Saturday, December 7, 2013

Week 9

Week in Review

Monday

Acuity tests all day. Boring....

Tuesday

For this unit's final project, my students will work in collaborative teams to make rube goldberg devices.  In order to get them pumped up and to give them some ideas we started class this week watching Audri's rube goldberg device (see below). 


Every day this week I'll start class with a different video, some from YouTube and others from exemplar student projects from last year. These videos help the students stay focused on the long-term project in the midst of the daily grind and prevent "Why do I have to learn this stuff?" questions from popping out. "Why? Because you're going to make an awesome, ridiculously complicated machine in 2.5 weeks. That's why."

After the video we started practicing how to diagram out energy transformations from several objects around the room. Good times.

Wednesday

We started class with another Rube Goldberg video and then filled out another google doc with creative ideas we could use for our end-of-unit project. I like using GoogleDocs instead of worksheets because students are coming up with the examples instead of myself. I also like having them comment on each other's works because I think it keeps them from entering junk work because they know their peers will be reading it as well as me.

see whole document here

Thursday

Today was one of the student's favorite labs of the year - the burning chip lab! We analyzed caloric content of chips by burning cheetos, fritos, and lays chips under cans of water and recording differences in water temperature.
Guess who was busted on lab safety?

"Oh, I see. That's why they call them flaming hot cheetos."


What I liked more than the lab was the ensuing discussion on our zany results the next day.

Friday

Here's a look at our class data for periods 2 and 3.


When looking at Fritos for period 2 you can see there is quite a range in temperature differences - 8 degrees for one group, 21 for another, and 16 for a third.  Same with cheetos in period 3.  

Therefore we spent the first half of Friday discussing the following: "Is there a high enough degree of difference between data points that we should simply throw out the data and label it unreliable, or do we need to just label a few data points as outliers and determine the trend." I projected the google doc shown above on the whiteboard and forced the entire class to discuss.
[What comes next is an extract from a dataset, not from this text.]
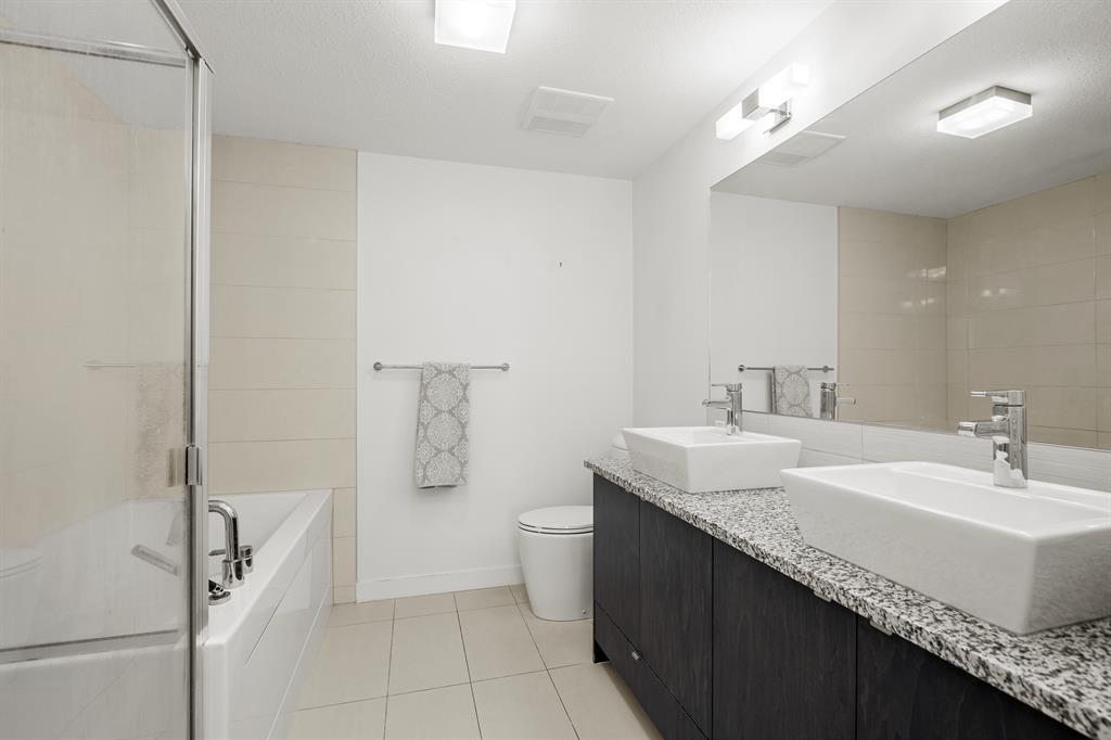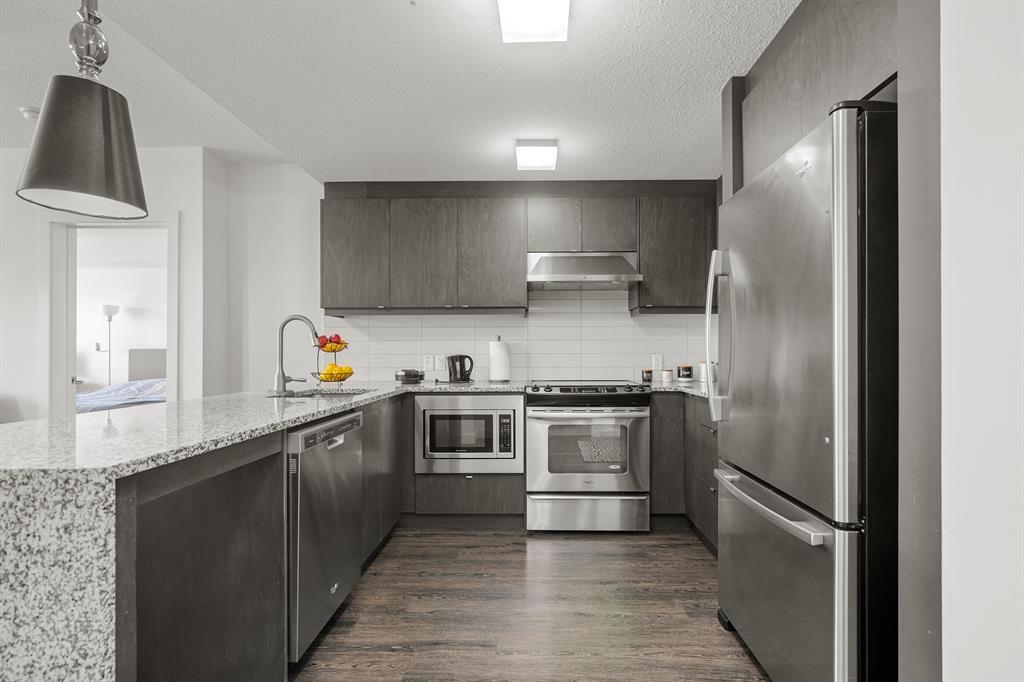 STUNNING 2 BEDROOM, 2 BATHROOM condo in the AMENITY-RICH Valmont at Aspen Stone complex. This bright and open unit has a HIGH-END DESIGN and a perfect layout with the main living spaces separating the bedrooms for ultimate privacy. Culinary adventures are inspired in the gorgeous kitchen featuring GRANITE COUNTERTOPS, A WATERFALL EDGE PENINSULA ISLAND with a built-in eating area, STAINLESS STEEL APPLIANCES and rich full-height cabinetry. The gleaming laminate flooring is continued into the living room with a relaxing atmosphere that is bathed in NATURAL LIGHT. Host casual barbeques or simply unwind enjoying the fresh air on the GLASS RAILED BALCONY. The primary bedroom is a true oasis with dual closets that lead to the LAVISH ENSUITE boasting DUAL SINKS, A DEEP SOAKER TUB and a SEPARATE SHOWER. IDEALLY LOCATED ON THE OTHER SIDE OF THE UNIT IS THE SECOND SPACIOUS BEDROOM and the LUXURIOUS 5-PIECE MAIN BATHROOM which is also equipped with dual sinks! IN-SUITE LAUNDRY, UNDERGROUND PARKING, SEPARATE storage and bike storage add to your comfort and convenience. A well-equipped FITNESS ROOM and GUEST SUITES are also part of the package in this well-run building nestled amongst nature. Within walking distance to great schools, the extensive pathway that winds around Aspen Lake and to the numerous amenities at Aspen Landing Shopping Centre. Also close is the LRT Station and the always popular Westside Rec Centre. Combining style with function in an unbeatable location this home has it all! (id:22211)

They were really timid at first, but I kept throwing the question back at them and demanded an answer. Students began offering weak responses and I kept (gently) throwing their responses back to them, pointing out inconsistencies with Socratic questioning.  Eventually some hard-nosed students started taking the bait and began using some logical reasoning and evidence to back up there responses and we eventually decided to throw out the data as generally unreliable.

It wasn't about a right or wrong answer but it was about using evidence to back up your assertion. I told them this was a real-world, authentic experience and that an untold number of occupations - from finance to education to marketing to scientific research - conducted this sort of data analysis every day.

The rest of the period we spent constructing a list of potential sources of errors. I was proud that my students generated the robust list seen below.

Potential Sources of Error:

  • Chip size
  • Burn technique - are you letting the flame lick up the chip (good idea!) or letting it smolder at the top (bad idea)]
  • Curn distance - are you roasting the can by holding it immediately underneath or are you giving lots of space between can and chip)
  • Can temperature - between each trial students put in fresh water, but the can has now been preheated. 
  • Pyros - did some groups hold the lighter under the can and continue to burn the chip even as it was lit on fire? (Anecdotal evidence suggests yes)
  • Thermometer- did students give enough time for the thermometer to accurately read the temperature or did they drop it in, read it quickly, then change the water for the next trial.
  • User Error - mismeasurements in regards to amount of water, thermometer reading, etc...

Closing comment one students made - "Ugh, my head hurts Mr. Mabrey. Why did you make us think so much today."  Mission accomplished.

Lessons Learned

  1. Lab data on Google Spreadsheets - I can't imagine not doing this for every lab. I love how students instinctively assess their data against other classes to determine validity. Validity is a concept that is becoming implicit with every lab and is getting to the point I dont' have to explicitly harp on it any more thanks to this tool.